Job Description
            
                TCS Hiring for AWS Data Lake Administrator
Role - AWS Data Lake Administrator
Experience - 10 to 14 Years
Location - Bengaluru, Hyderabad
Roles & Responsibilities
Key Responsibilities:
- Administer and manage the AWS Data Lake infrastructure, ensuring high availability, security, and performance.
- Configure and manage AWS S3, Lake Formation, and Glue Data Catalog to organize, secure, and catalog data within the data lake.
- Set up and manage Redshift Spectrum for querying and analyzing data stored in S3 using SQL and Redshift.
- Implement and manage data ingestion pipelines to ingest structured and unstructured data from various sources into the data lake using AWS services like Glue ETL, Lambda, and other orchestration tools.
- Define and enforce data governance policies, access control, and security measures using AWS Lake Formation, ensuring compliance with organizational and regulatory requirements.
- Optimize data storage in S3 through partitioning, compression, and appropriate data formats like Parquet, Avro, or ORC to improve query performance.
- Monitor and manage the Glue Catalog for maintaining metadata, table definitions, and data lineage within the data lake.

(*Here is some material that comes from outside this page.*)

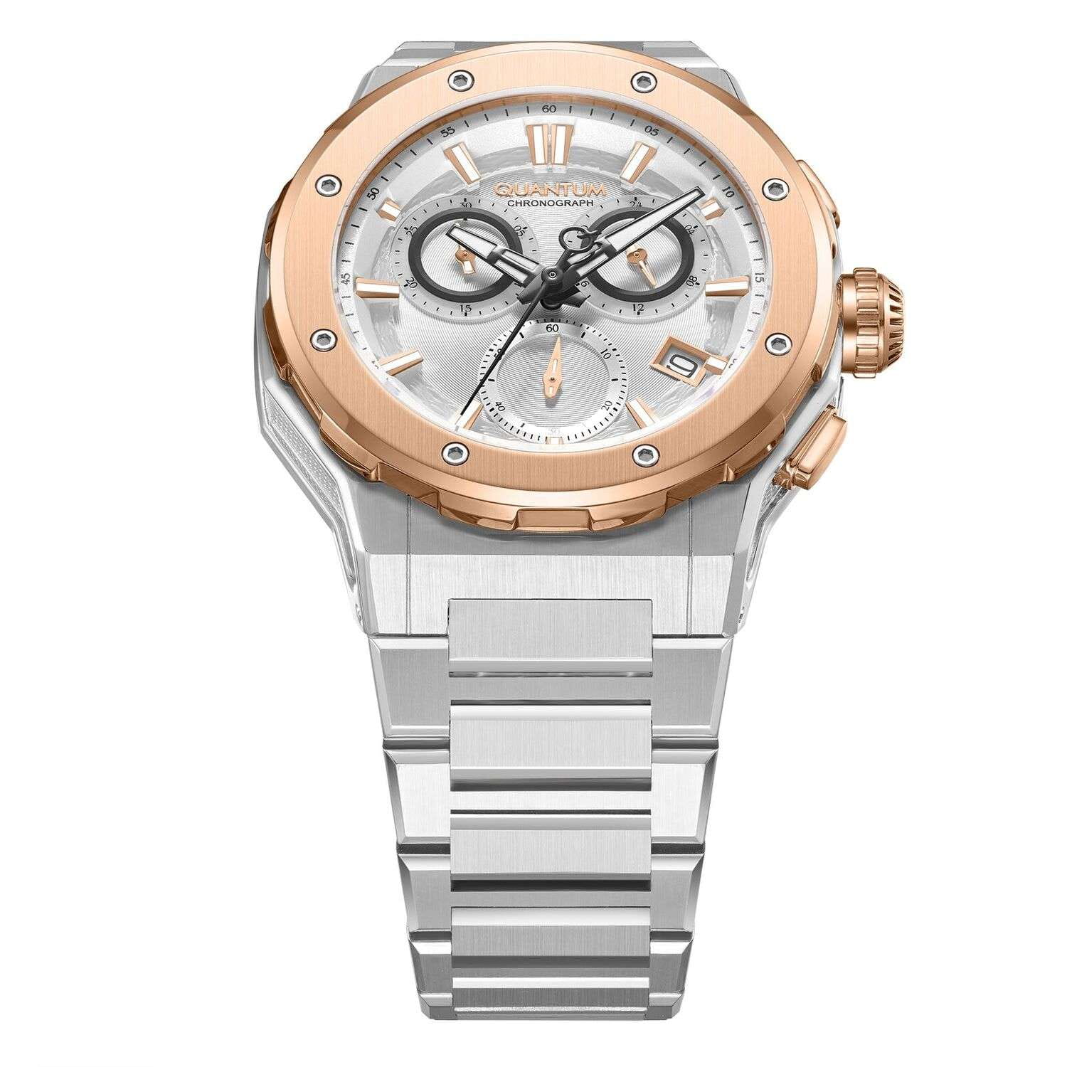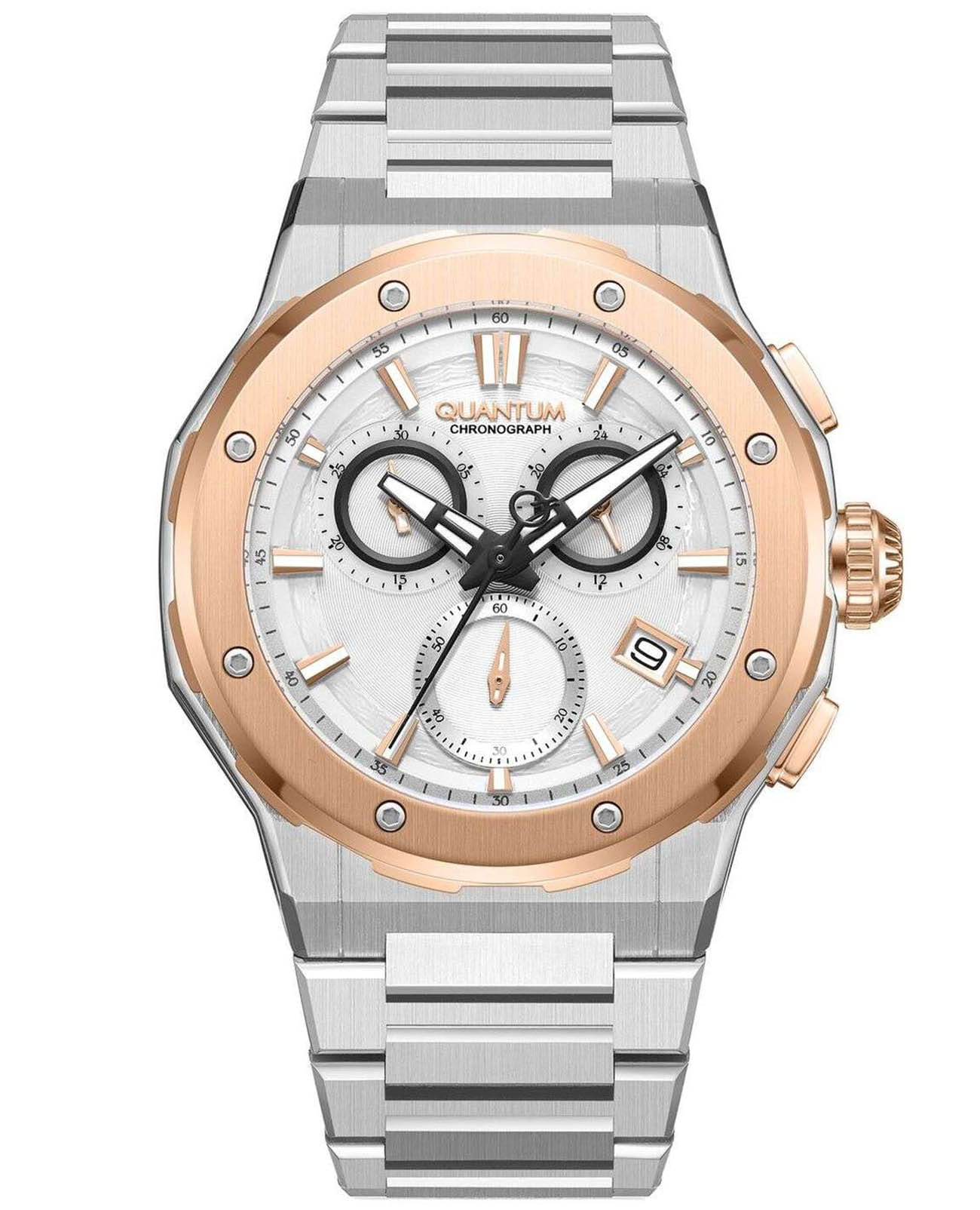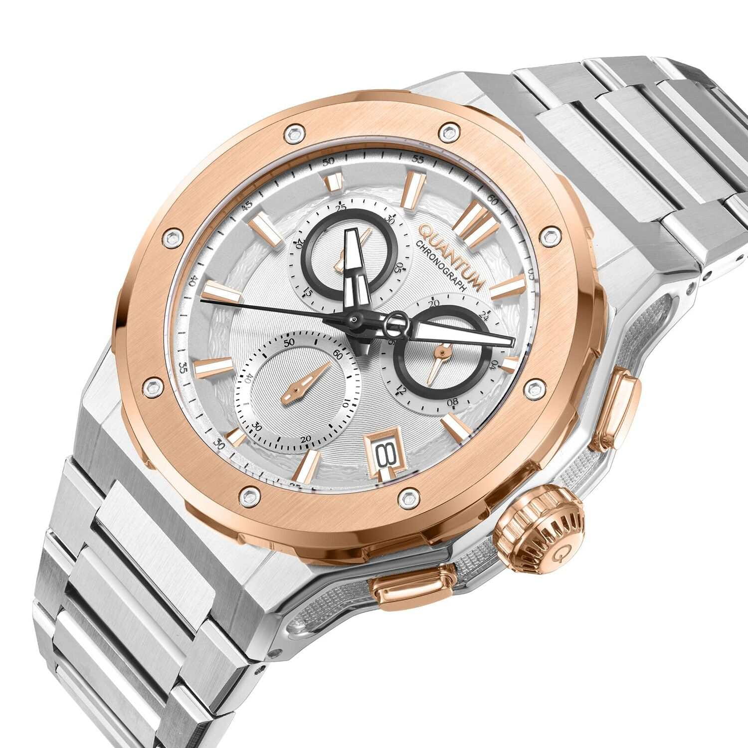 Мужские кварцевые часы Quantum HNG1081.530 из коллекции Hunter — функциональный хронограф в классическом круглом корпусе размером 46 мм из нержавеющей стали. БезельБезельВнешний ободок, закрепляющий стекло. В спортивных часах так называется поворотное кольцо с делениями на циферблате, выполняет роль таймера – замеряет отрезки времени на шкале. Неподвижный безель – элемент декора. Однонаправленно вращающийся безель на дайверских часах позволяет фиксировать моменты погружения и выныривания на поверхность. с PVD-покрытиемPVDУльтратонкое покрытие наносится в технике вакуумного напыления, сочетает в себе нитрид титана особой прочности со слоем золота или оксида хрома. Несёт в себе декоративную или защитную функцию.. Циферблат оснащён окошком даты, 24-часовым форматом времени на малом циферблате и функцией хронографаХронографФункция позволяет измерять отрезки времени с особой точностью: часы, минуты, секунды. Верным признаком хронографа является наличие на циферблате 3 дополнительных окошек-счётчиков. с секундомером. Стекло — минеральноеМинеральное стеклоМинеральное стекло представляет собой искусственно выращенный минерал кварца. Такое стекло отличается особой устойчивостью к повреждениям и царапинам. Уступает по некоторым качествам сапфировому стеклу. с антибликовым покрытием. Стрелки с люминесцентным покрытиемЛюминесцентное покрытиеПозволяет считывать показания времени в темноте. Производители наносят на стрелки, часовые индексы, безель или поверхность циферблата светонакопительный состав, дающий холодное свечение.. Водонепроницаемость 100 м. Браслет — стальной на раскладной застёжкеРаскладная застёжкаТакой тип застёжки используется только на браслетах из металла. Она никогда не раскрывается полностью, происходит разделение на 2 и более частей. Раскладывающая застёжка снизит вероятность потери часов к минимуму.. Идеальный выбор для тех, кто ценит турецкий дизайн и повседневную практичность.

- Collaborate with data engineers, architects, and analysts to ensure seamless access to data for analytics and machine learning.

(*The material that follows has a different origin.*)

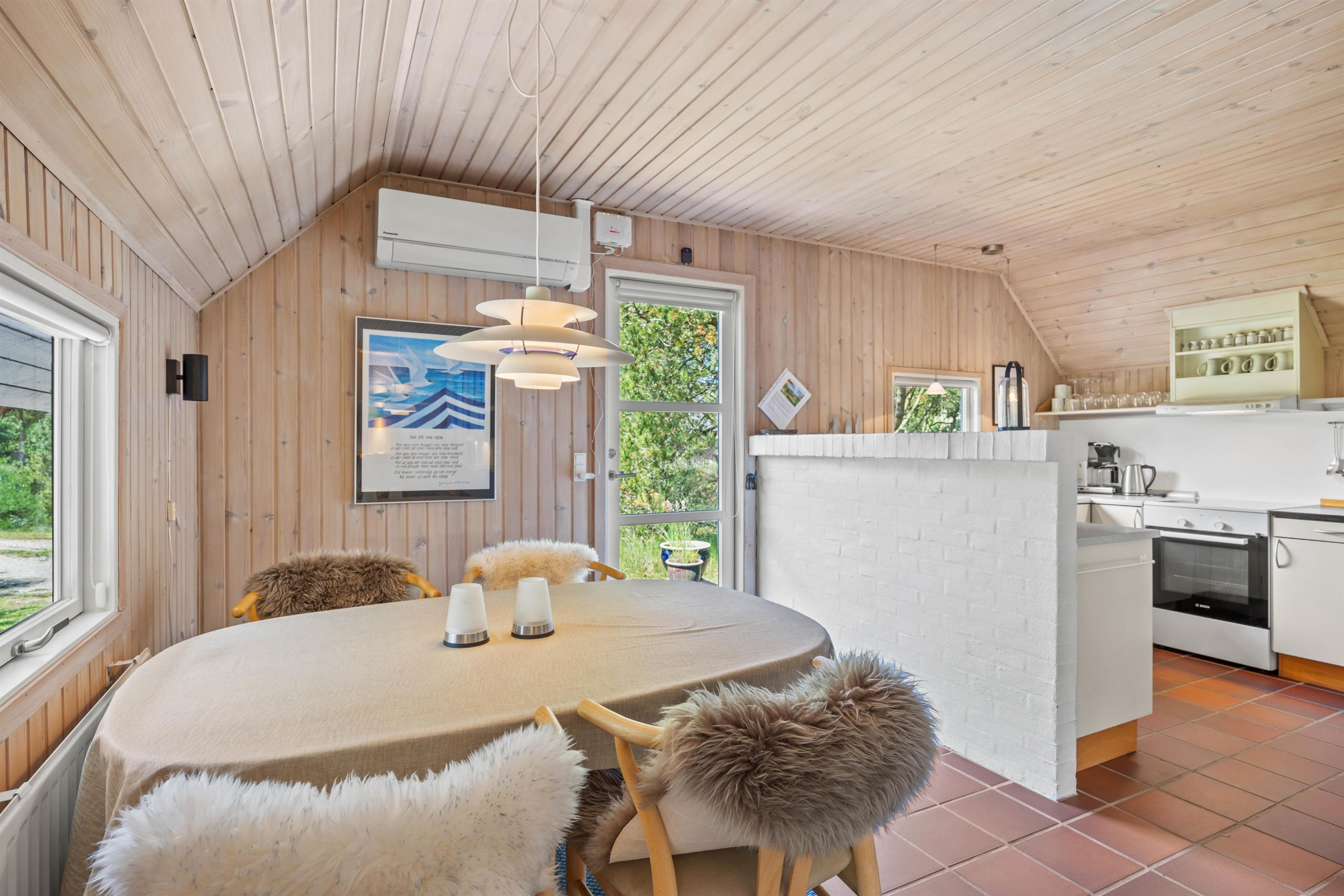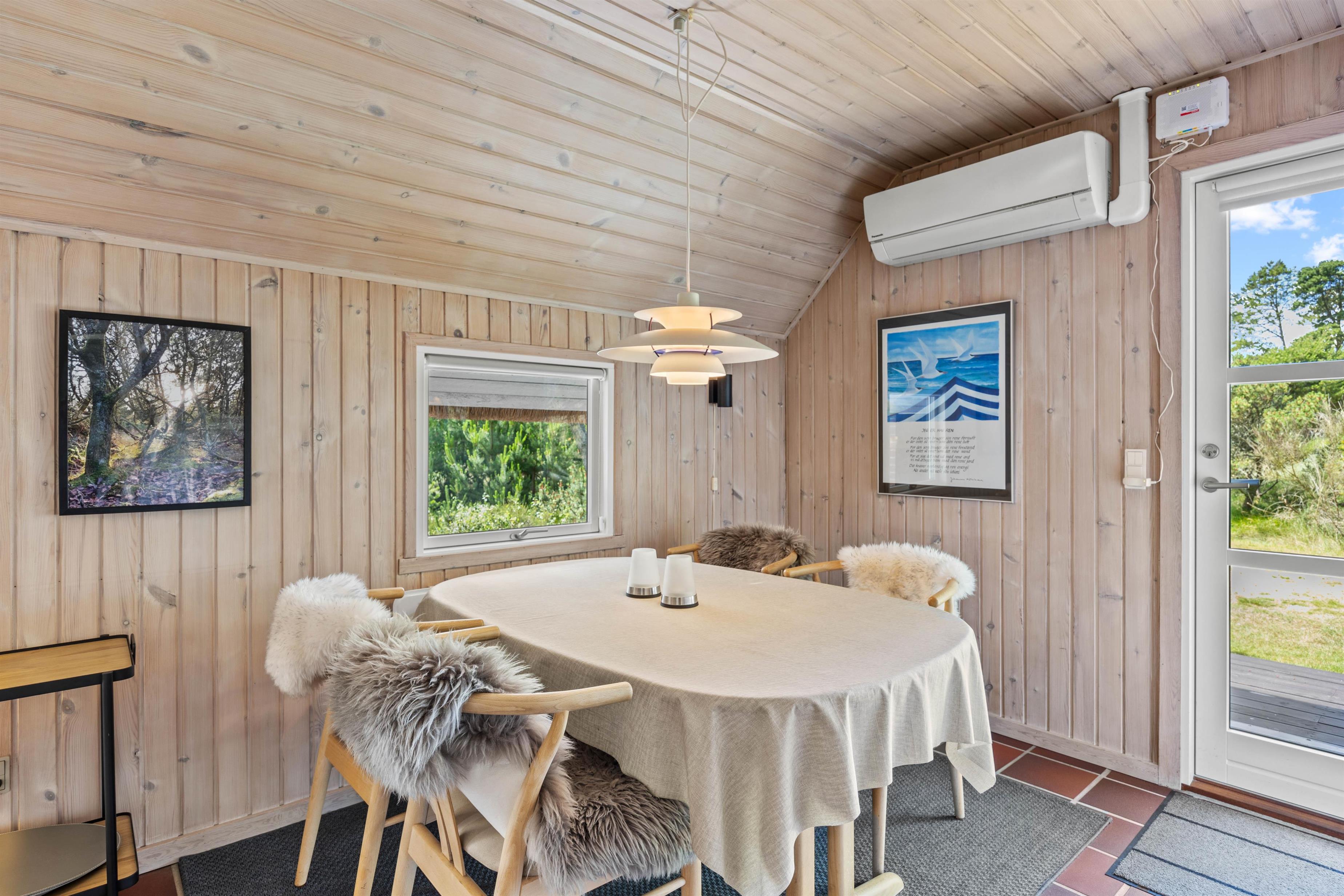 Det hele bliver opvarmet af en energibesparende luft-til-luft varmepumpe.

- Troubleshoot and optimize query performance in Redshift Spectrum, and manage workload performance in the data lake environment.
- Implement backup, recovery, and disaster recovery strategies for data lake assets, ensuring data integrity and availability.
- Maintain detailed documentation of data lake architecture, security policies, and data governance procedures.
Qualifications:
- 4-8 years of experience in managing data lake environments, with a focus on AWS data services.
- Strong expertise in AWS services like S3, Lake Formation, Glue, Glue Data Catalog, Redshift Spectrum, and Lambda.
- Good knowledge of SQL and query optimization techniques, particularly in querying data from S3 using Redshift Spectrum and Athena.
- Experience in data ingestion pipelines using AWS Glue ETL, Lambda, and other AWS orchestration tools.
- Strong understanding of data governance, access control, and security best practices in AWS environments.
- Experience with data formats (Parquet, ORC, Avro, JSON) and optimizing data storage for cost and performance.
- Knowledge of data partitioning, compression, and indexing strategies in S3.
- Familiarity with monitoring, troubleshooting, and optimizing AWS Data Lake performance.
- Excellent communication and collaboration skills to work across teams and support business requirements.
AWS certifications, such as AWS Certified Big Data – Specialty or AWS Certified Solutions Architect, are a plus.